Perbedaanya terletak pada alasan pernikahan dan respons terhadap perselingkuhan. Bagi banyak orang di Jepang, pernikahan masih merupakan kontrak sosial, dan orang-orang diharapkan menikah pada awal usia tiga puluhan.
Selain itu, banyak orang di Jepang cenderung tetap menikah, terlepas dari apakah pasangan mereka berselingkuh atau tidak. Meskipun sulit diukur, tingkat perceraian di Jepang sedikit lebih rendah daripada banyak negara Barat dan negara tetangganya, Tiongkok.

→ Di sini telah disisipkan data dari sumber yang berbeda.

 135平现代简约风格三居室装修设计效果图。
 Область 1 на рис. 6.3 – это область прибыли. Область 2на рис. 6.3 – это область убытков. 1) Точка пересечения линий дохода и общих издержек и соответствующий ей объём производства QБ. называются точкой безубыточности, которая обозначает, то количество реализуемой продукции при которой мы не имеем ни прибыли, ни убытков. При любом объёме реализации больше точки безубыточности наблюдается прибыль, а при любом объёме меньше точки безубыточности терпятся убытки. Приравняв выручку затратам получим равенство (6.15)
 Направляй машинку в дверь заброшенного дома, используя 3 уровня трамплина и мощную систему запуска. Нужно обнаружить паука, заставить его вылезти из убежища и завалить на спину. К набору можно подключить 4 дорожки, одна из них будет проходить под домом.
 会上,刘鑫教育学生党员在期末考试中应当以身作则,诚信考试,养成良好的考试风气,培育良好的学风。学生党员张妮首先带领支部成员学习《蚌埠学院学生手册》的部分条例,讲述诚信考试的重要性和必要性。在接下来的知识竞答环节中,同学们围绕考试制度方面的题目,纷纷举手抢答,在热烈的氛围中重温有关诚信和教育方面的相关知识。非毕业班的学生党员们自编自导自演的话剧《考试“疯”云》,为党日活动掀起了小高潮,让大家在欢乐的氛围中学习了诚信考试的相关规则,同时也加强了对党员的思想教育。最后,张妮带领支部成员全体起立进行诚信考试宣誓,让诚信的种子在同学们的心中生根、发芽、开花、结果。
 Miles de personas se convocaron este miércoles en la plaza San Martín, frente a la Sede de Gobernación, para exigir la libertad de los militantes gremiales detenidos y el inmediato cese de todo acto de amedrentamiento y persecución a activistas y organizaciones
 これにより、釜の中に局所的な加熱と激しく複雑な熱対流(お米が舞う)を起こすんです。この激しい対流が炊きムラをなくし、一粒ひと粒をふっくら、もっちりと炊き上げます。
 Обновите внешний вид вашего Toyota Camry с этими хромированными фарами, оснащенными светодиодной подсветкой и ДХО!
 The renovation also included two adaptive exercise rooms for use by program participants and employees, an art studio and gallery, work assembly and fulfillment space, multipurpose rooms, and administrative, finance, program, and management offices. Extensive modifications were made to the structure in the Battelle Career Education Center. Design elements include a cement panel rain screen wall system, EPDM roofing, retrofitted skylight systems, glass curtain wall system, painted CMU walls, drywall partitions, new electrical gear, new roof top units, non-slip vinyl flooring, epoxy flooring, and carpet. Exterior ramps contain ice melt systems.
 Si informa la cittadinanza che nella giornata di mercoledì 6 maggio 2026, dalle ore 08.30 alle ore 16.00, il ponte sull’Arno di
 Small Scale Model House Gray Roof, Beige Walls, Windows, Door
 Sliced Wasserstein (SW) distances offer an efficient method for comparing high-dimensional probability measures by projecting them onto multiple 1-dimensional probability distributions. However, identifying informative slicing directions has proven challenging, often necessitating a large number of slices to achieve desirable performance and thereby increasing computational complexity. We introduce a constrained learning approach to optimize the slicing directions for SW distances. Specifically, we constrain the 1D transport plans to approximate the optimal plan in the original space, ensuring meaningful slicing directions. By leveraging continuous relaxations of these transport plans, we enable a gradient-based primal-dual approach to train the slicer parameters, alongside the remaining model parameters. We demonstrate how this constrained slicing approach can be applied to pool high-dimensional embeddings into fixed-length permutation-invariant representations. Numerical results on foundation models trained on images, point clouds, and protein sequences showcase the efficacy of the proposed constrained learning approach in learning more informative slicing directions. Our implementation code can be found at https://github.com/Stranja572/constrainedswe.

Salah satu elemen penting budaya Jepang adalah keinginan untuk menjaga perdamaian, yang menghasilkan budaya gaman, merujuk pada kata dalam bahasa Jepang untuk "ketahanan". Sentimen umum ini berada di balik banyak masalah di Jepang, seperti orang-orang yang menghadapi jam kerja lembur yang panjang. Hal ini juga dapat menjelaskan mengapa orang cenderung bertahan dalam pernikahan mereka, bahkan jika pasangannya berselingkuh atau pernikahan tersebut menjadi tanpa seks.
Jadi meskipun ada perselingkuhan, pasangan orang Jepang cenderung bertahan untuk menjaga kedamaian dan keutuhan keluarga. Sikap lain yang berakar dari budaya gaman adalah gagasan bahwa segala sesuatu bersifat shoganai, frasa umum dalam bahasa Jepang: "Mau bagaimana lagi."